Exercise goal:
Nothing but the lines below from the one holding "Slotted end marked" up to and including the one holding "Table 7. Example" should be copied, exactly and without pictures.

Materials provided:
************

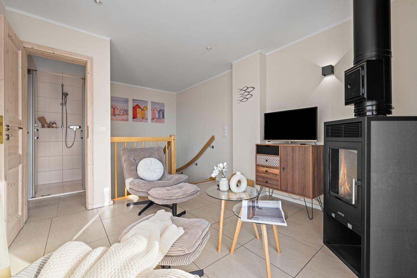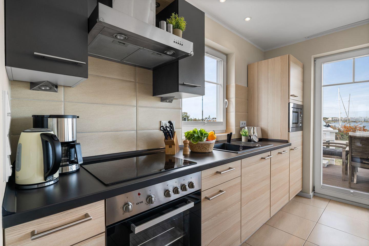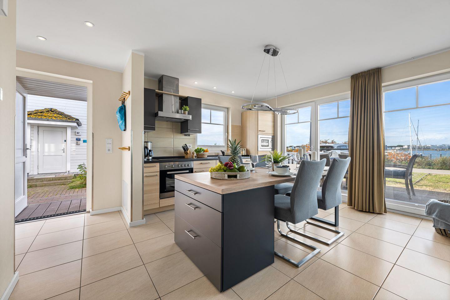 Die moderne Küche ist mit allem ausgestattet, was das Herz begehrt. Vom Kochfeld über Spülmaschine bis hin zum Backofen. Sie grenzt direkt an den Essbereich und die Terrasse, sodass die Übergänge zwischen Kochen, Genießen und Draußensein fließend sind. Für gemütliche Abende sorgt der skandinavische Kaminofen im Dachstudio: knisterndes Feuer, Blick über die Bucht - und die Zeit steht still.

************

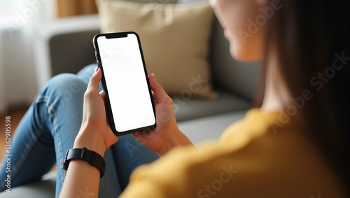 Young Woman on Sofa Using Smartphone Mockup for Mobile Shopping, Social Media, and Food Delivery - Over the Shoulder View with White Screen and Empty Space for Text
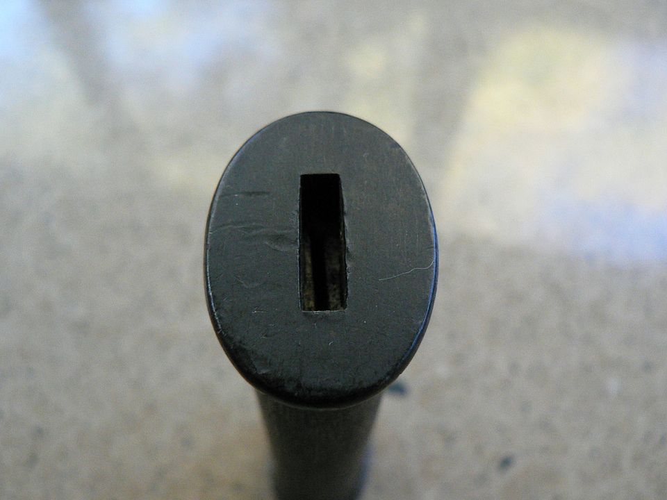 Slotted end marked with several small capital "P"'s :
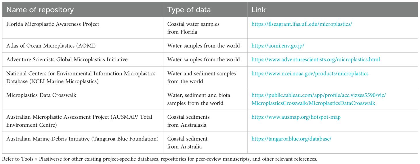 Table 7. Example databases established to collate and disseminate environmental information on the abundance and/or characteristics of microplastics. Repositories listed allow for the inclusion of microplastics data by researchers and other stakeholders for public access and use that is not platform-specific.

************

Solution for this task:
 Slotted end marked with several small capital "P"'s :
 Table 7. Example databases established to collate and disseminate environmental information on the abundance and/or characteristics of microplastics. Repositories listed allow for the inclusion of microplastics data by researchers and other stakeholders for public access and use that is not platform-specific.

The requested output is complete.